Task directions:
Print only the lines from the one with "Die Filmaufnahmekammer ist" through the end of the data, exactly, and please omit pictures.

Dataset section:
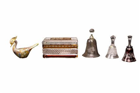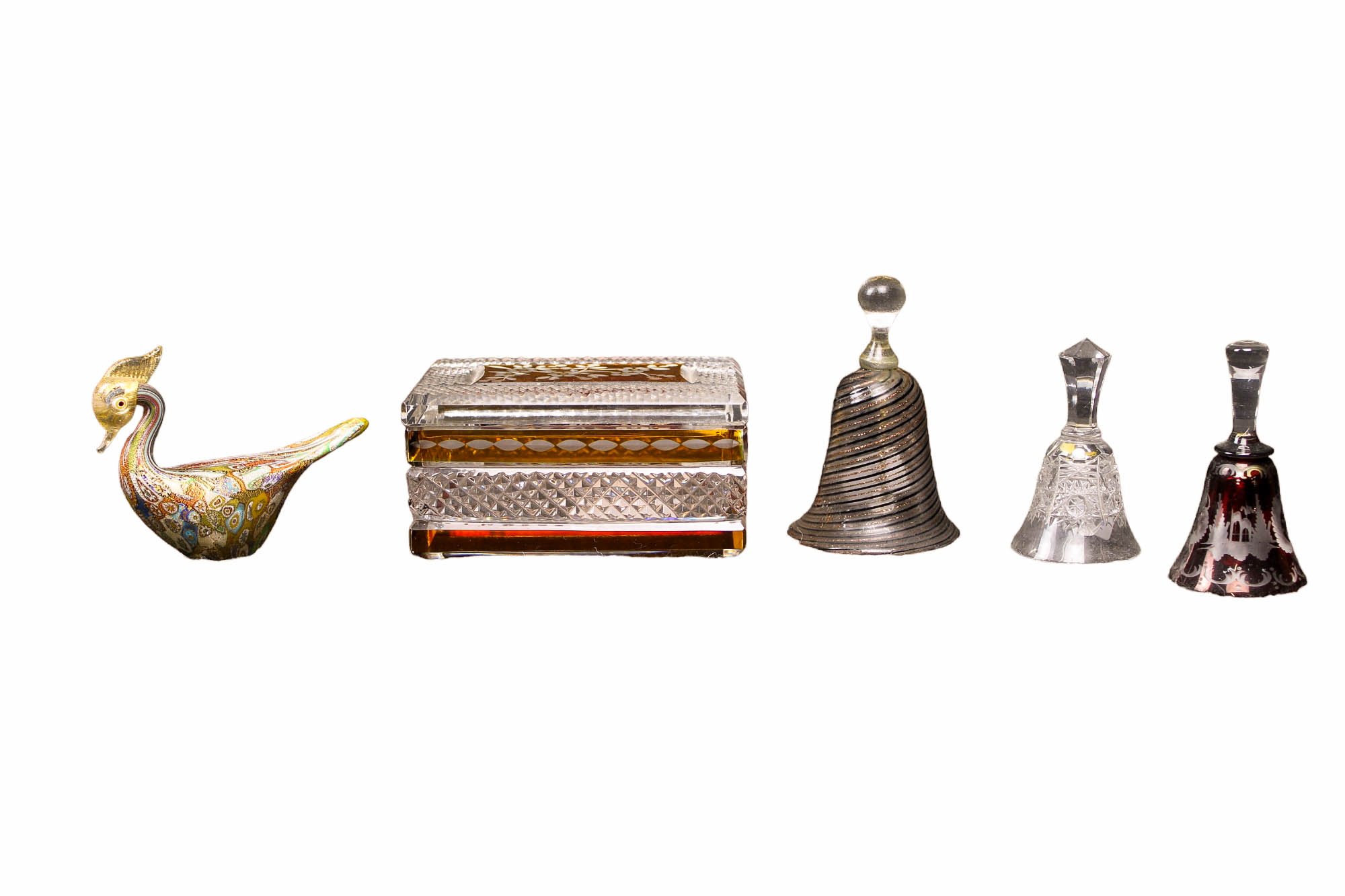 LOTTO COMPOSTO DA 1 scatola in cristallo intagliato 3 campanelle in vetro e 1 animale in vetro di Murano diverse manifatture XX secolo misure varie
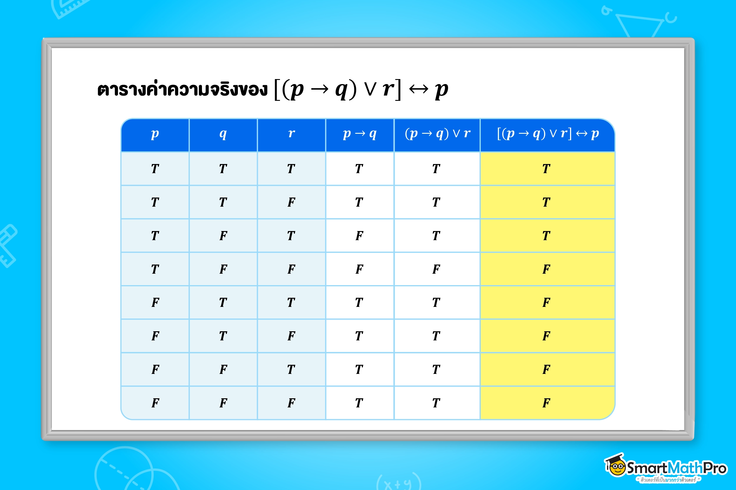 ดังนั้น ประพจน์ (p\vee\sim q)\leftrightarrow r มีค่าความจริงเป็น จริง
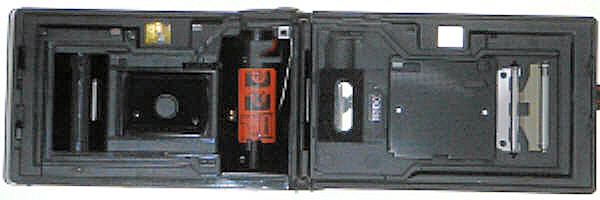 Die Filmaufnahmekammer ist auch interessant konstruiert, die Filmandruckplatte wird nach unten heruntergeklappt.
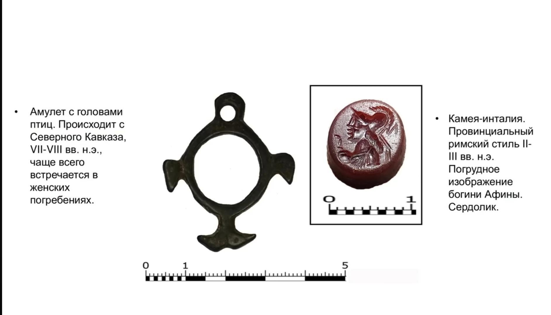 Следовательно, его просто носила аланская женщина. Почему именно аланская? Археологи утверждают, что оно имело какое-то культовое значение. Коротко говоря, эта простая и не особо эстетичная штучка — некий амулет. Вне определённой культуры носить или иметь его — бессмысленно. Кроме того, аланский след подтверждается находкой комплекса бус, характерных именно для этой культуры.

Output of the task:
 Die Filmaufnahmekammer ist auch interessant konstruiert, die Filmandruckplatte wird nach unten heruntergeklappt.
 Следовательно, его просто носила аланская женщина. Почему именно аланская? Археологи утверждают, что оно имело какое-то культовое значение. Коротко говоря, эта простая и не особо эстетичная штучка — некий амулет. Вне определённой культуры носить или иметь его — бессмысленно. Кроме того, аланский след подтверждается находкой комплекса бус, характерных именно для этой культуры.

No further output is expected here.